Data =>
-*-*-
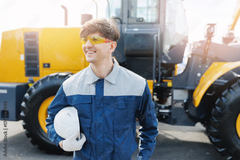 Portrait Happy industry worker relax after work, Young Caucasian male in mining industry with machinery and safety gear
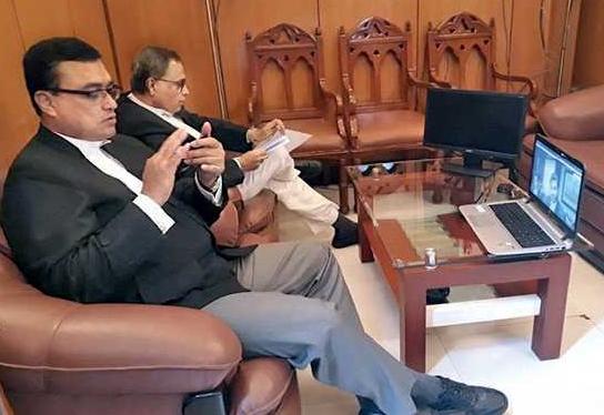 কলকাতা হাইকোর্টে স্কাইপ-শুনানি চলছে৷ এজলাশে বিচারপতি দীপঙ্কর দত্ত এবং বিচারপতি জয়মাল্য বাগচি৷ ( ছবি: হাইকোর্টের সৌজন্যে )
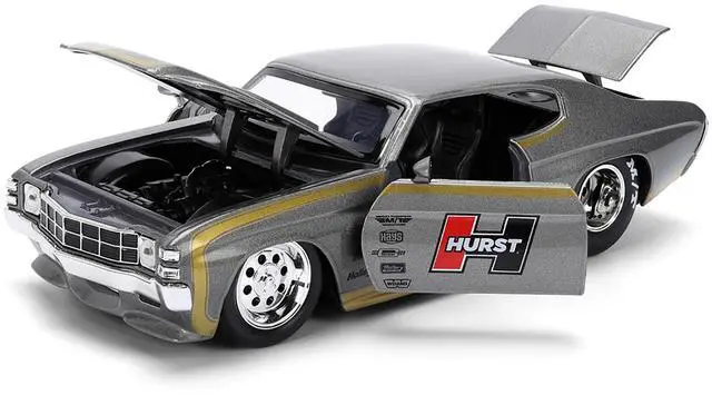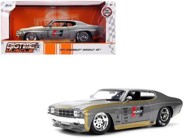 Brand new 1/24 scale diecast car model of 1971 Chevrolet Chevelle SS "Hurst" Gray Metallic with Gold Stripes "Bigtime Muscle" Series die cast model car by Jada.
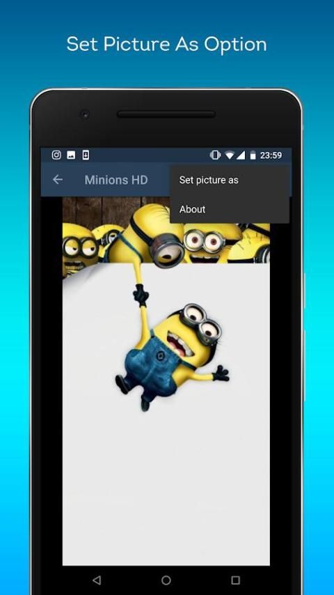 Minion Wallpaper HD didukung semua perangkat Samsung, HTC Devices, Sony Xperia Series, Xiaomi Mi ponsel, Google Nexus & Pixel, OnePlus, LG, perangkat Leeco, seri Huawei, Gionee ponsel, perangkat Intex, Lava, Micromax, Lenovo, Motorola, Oppo, Panasonic, Philips, BenQ, Amazon ponsel, Binatone, perangkat Vodafone, InFocus, HP, Huawei Mate delapan dan banyak lagi.
-*-*-
What is required => Give back an exact copy of the material above, omitting the pictures.

Answer below =>
 Portrait Happy industry worker relax after work, Young Caucasian male in mining industry with machinery and safety gear
 কলকাতা হাইকোর্টে স্কাইপ-শুনানি চলছে৷ এজলাশে বিচারপতি দীপঙ্কর দত্ত এবং বিচারপতি জয়মাল্য বাগচি৷ ( ছবি: হাইকোর্টের সৌজন্যে )
 Brand new 1/24 scale diecast car model of 1971 Chevrolet Chevelle SS "Hurst" Gray Metallic with Gold Stripes "Bigtime Muscle" Series die cast model car by Jada.
 Minion Wallpaper HD didukung semua perangkat Samsung, HTC Devices, Sony Xperia Series, Xiaomi Mi ponsel, Google Nexus & Pixel, OnePlus, LG, perangkat Leeco, seri Huawei, Gionee ponsel, perangkat Intex, Lava, Micromax, Lenovo, Motorola, Oppo, Panasonic, Philips, BenQ, Amazon ponsel, Binatone, perangkat Vodafone, InFocus, HP, Huawei Mate delapan dan banyak lagi.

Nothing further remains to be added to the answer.